Give the whole listing below once more, exactly, without pictures.

→ **Information supplied**
———

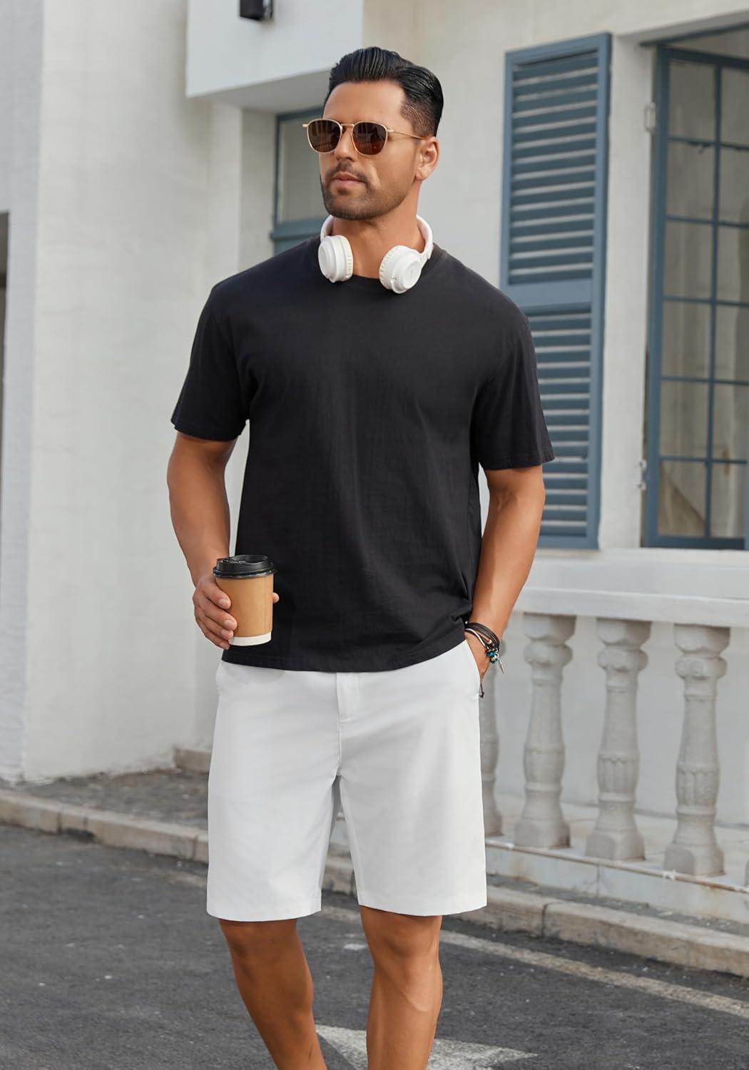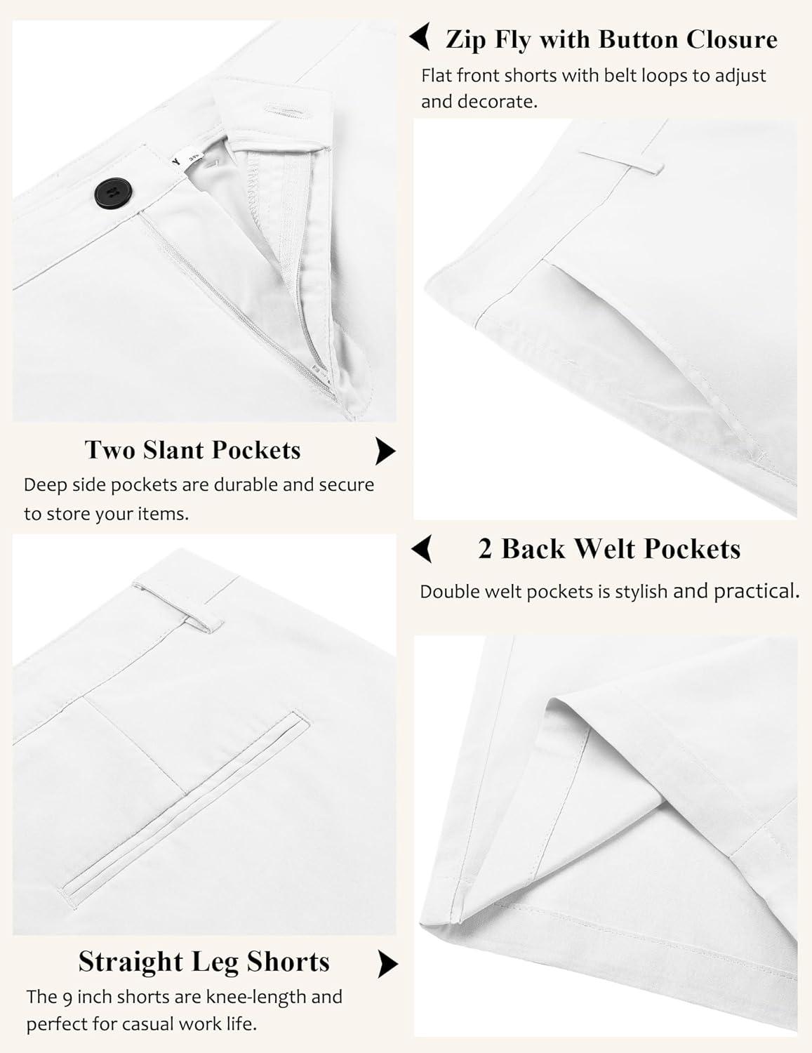 imageCOOFANDY Mens Casual Shorts 9 Inch Flat Front Lightweight Summer Beach Vacation ShortsWhite
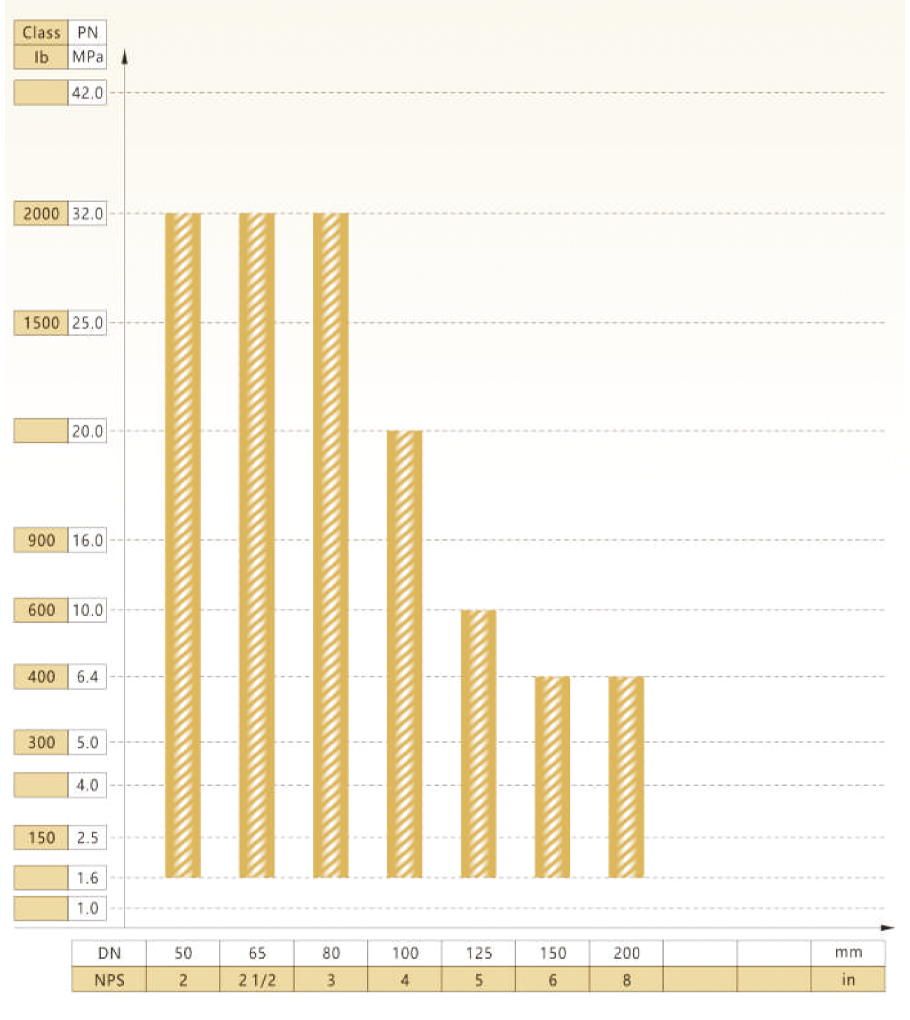 FSJ-L200型阀门公称通径与公称压力试验范围
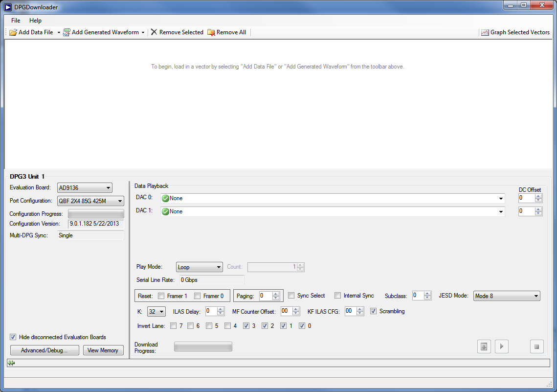 Open DPG Downloader if you have not done so. (Start > All Programs > Analog Devices > DPG > DPGDownloader). Ensure that the program detects the AD9136/AD9135, as indicated in the “Evaluation Board” drop-down list, shown in Figure 3.
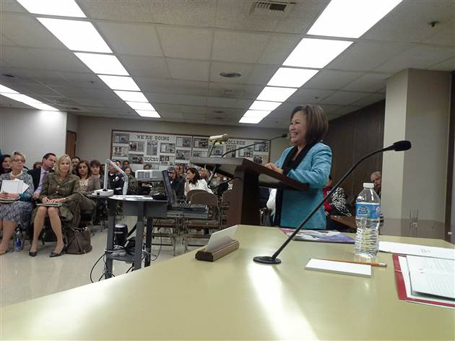 Giáo sư Nguyễn Lâm Kim Oanh thuyết trình tại phiên họp của Hội Đồng Giáo Dục Garden Grove về Sinh Ngữ Song Hành chiều Thứ Ba 3-12-2013.

———

→ **Your response**
 imageCOOFANDY Mens Casual Shorts 9 Inch Flat Front Lightweight Summer Beach Vacation ShortsWhite
 FSJ-L200型阀门公称通径与公称压力试验范围
 Open DPG Downloader if you have not done so. (Start > All Programs > Analog Devices > DPG > DPGDownloader). Ensure that the program detects the AD9136/AD9135, as indicated in the “Evaluation Board” drop-down list, shown in Figure 3.
 Giáo sư Nguyễn Lâm Kim Oanh thuyết trình tại phiên họp của Hội Đồng Giáo Dục Garden Grove về Sinh Ngữ Song Hành chiều Thứ Ba 3-12-2013.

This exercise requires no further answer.